— WHAT YOU WILL DO —
The listing is to be returned word for word, without its images.

═══ AVAILABLE DATA ═══

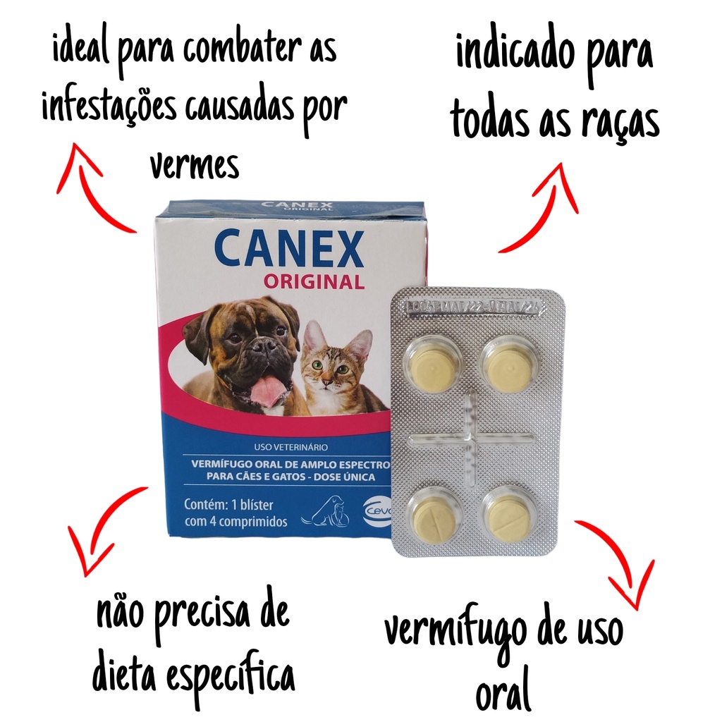 Vermífugo Canex Original Gato Cachorro Kit C/ 16 - 4 Cx Comprimidos Anti Vermes Dose Unica
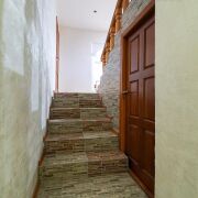 - Внутреннее пространство дома распределено по нескольким уровням. На первом находятся просторная гостиная, кухня и столовая зона. Панорамные окна пропускают много естественного света и дают возможность выйти прямо на участок, где можно наслаждаться красотой природы. На втором и последующих уровнях разместились спальни, детские и гостевые комнаты - идеальный вариант для большой семьи и приема друзей. Самый верхний этаж недавно обновили: здесь установили тёплые полы и сделали большое панорамное окно, чтобы создать уютное пространство для мастер-спальни с гардеробной или кабинета с видом на сад. Для удобства всех членов семьи в доме предусмотрено два санузла, расположенных на разных этажах.
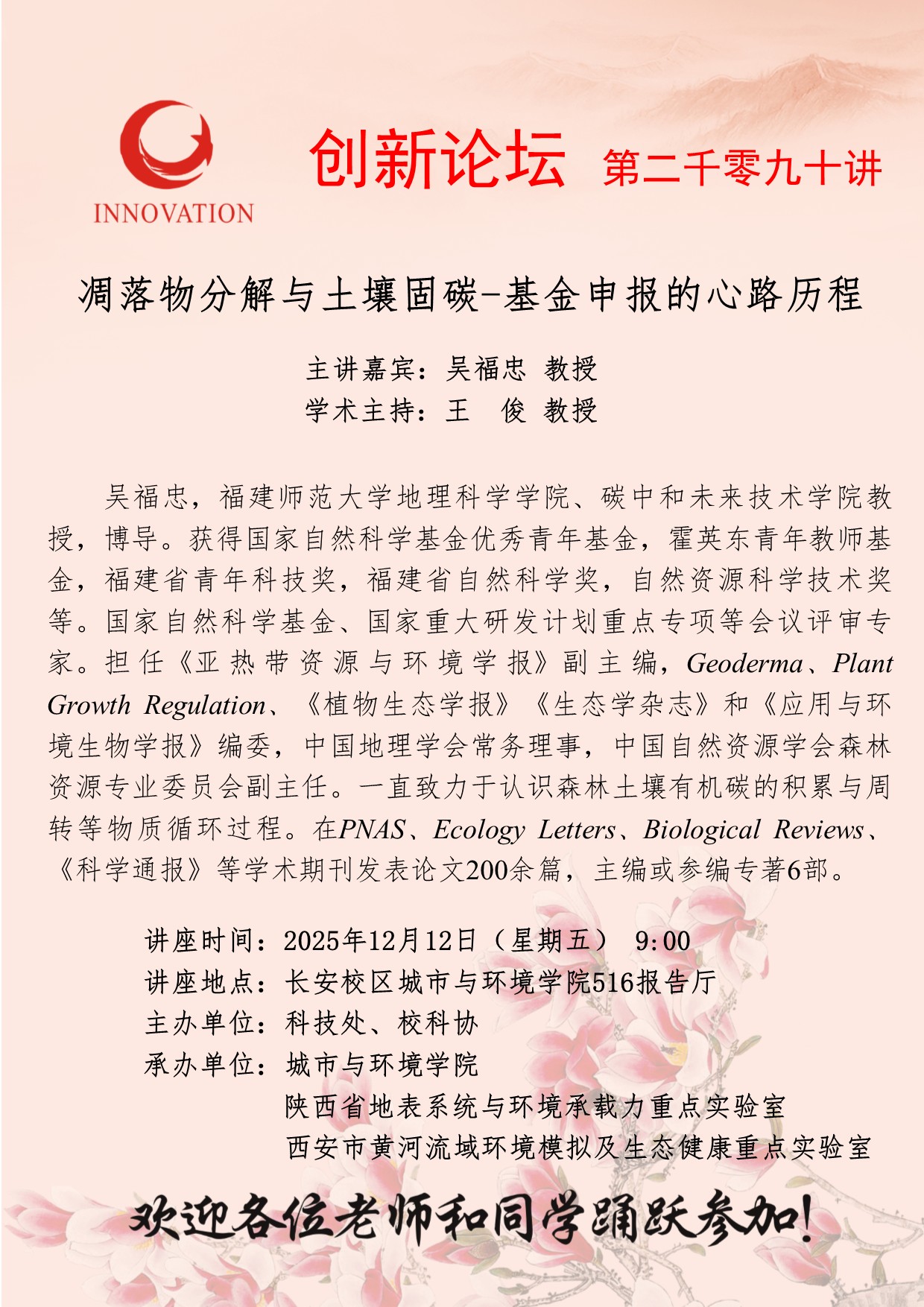 吴福忠 教授 天空(中国)创新论坛第二千零九十讲:凋落物分解与土壤固碳-基金申报的心路历程 讲座时间 2025年12月12日(星期五) 9:00 讲座地点 长安校区城市与环境学院516报告厅 讲座人介绍 吴福忠 教授 讲座内容

═══

— WRITTEN SOLUTION —
 Vermífugo Canex Original Gato Cachorro Kit C/ 16 - 4 Cx Comprimidos Anti Vermes Dose Unica
 - Внутреннее пространство дома распределено по нескольким уровням. На первом находятся просторная гостиная, кухня и столовая зона. Панорамные окна пропускают много естественного света и дают возможность выйти прямо на участок, где можно наслаждаться красотой природы. На втором и последующих уровнях разместились спальни, детские и гостевые комнаты - идеальный вариант для большой семьи и приема друзей. Самый верхний этаж недавно обновили: здесь установили тёплые полы и сделали большое панорамное окно, чтобы создать уютное пространство для мастер-спальни с гардеробной или кабинета с видом на сад. Для удобства всех членов семьи в доме предусмотрено два санузла, расположенных на разных этажах.
 吴福忠 教授 天空(中国)创新论坛第二千零九十讲:凋落物分解与土壤固碳-基金申报的心路历程 讲座时间 2025年12月12日(星期五) 9:00 讲座地点 长安校区城市与环境学院516报告厅 讲座人介绍 吴福忠 教授 讲座内容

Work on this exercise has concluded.